Perfect. Incidentally, if at this stage you type make install the nmap build scripts default to the shared option. I couldn't be bothered to fix them at this stage, so I just did:

cp ./nmap /opt/cross/x86_64-linux-musl/bin

for the moment.

Now, having done all this work I very much wanted to keep this environment. As previously mentioned, we're currently in a container with an id like root@aabbccddeeff - and what we want is to commit a new image. To do this, type exit and go back to your host. Then:

docker commit -m "x64 cross compile working" -a "Your Name" aabbccddeeff fedora-musl-static

replacing aabbccddeeff with the identifier in your container, and substituting an appropriate message, name and tag to suit your needs. Expect this to take quite a while, as the difference between the images is at this stage quite large.

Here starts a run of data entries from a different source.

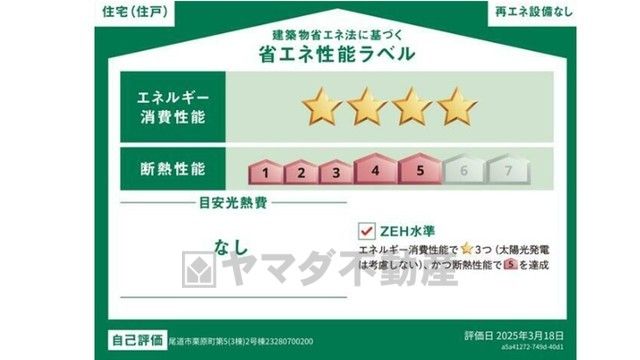 エネルギー消費性能(削減率30%達成)、断熱性能5段階/7段階中、本現場に関して全ての棟の「エネルギー消費性能」と「断熱性能」は代表棟ラベルと同一です。
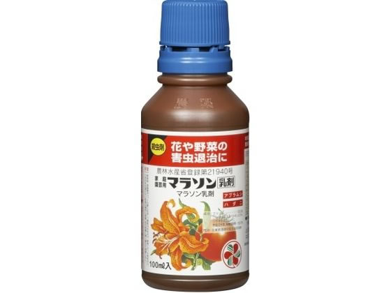 【商品説明】野菜から草花まで幅広く使える家庭園芸の代表的な殺虫剤【仕様】●農林水産省登録:第21940号●農薬の種類・名称:マラソン乳剤・家庭園芸用マラソン乳剤●有効成分の種類と含有量:マラソン【ジメチルジカルベトキシエチルジチオホスフェート】:50.0%・界面活性剤、有機溶剤等:50.0%●内容量:100ml
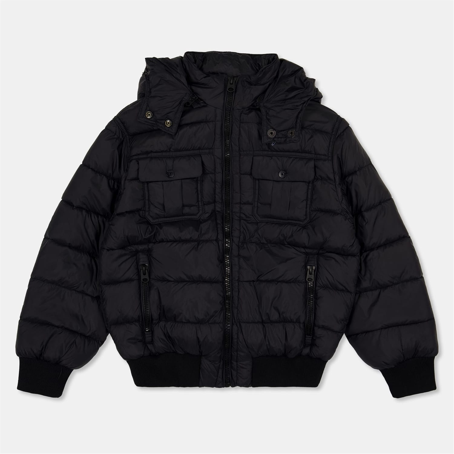 This G-Star puffer jacket features a hooded neckline and a regular fit, offering both style and comfort. The jacket is adorned with a logo and includes practical elements such as zipped and chest pockets. It has a ribbed hem and cuffs, providing a snug fit. The solid pattern and short length make it a versatile addition to your wardrobe, perfect for cooler seasons. -

Now, if we want to make a new container running against this new image, do:

docker run --i -t fedora-musl-static /bin/bash

and you'll find yourself back in the same system! Pretty neat, right? There is one final step - I wanted my binaries outside this environment, so I ran:

docker run -v /tmp/crosscompileout:/output -i -t fedora-musl-static /bin/bash

instead. This mounts /tmp/crosscompileout inside the VM as /output and anything copied there appears on the host system for usage. So, just:

cp /opt/cross/x86_64-linux-musl/bin/nmap /output
cp /opt/cross/x86_64-linux-musl/bin/openssl /output

and you now have some static binaries to be working with on Linux.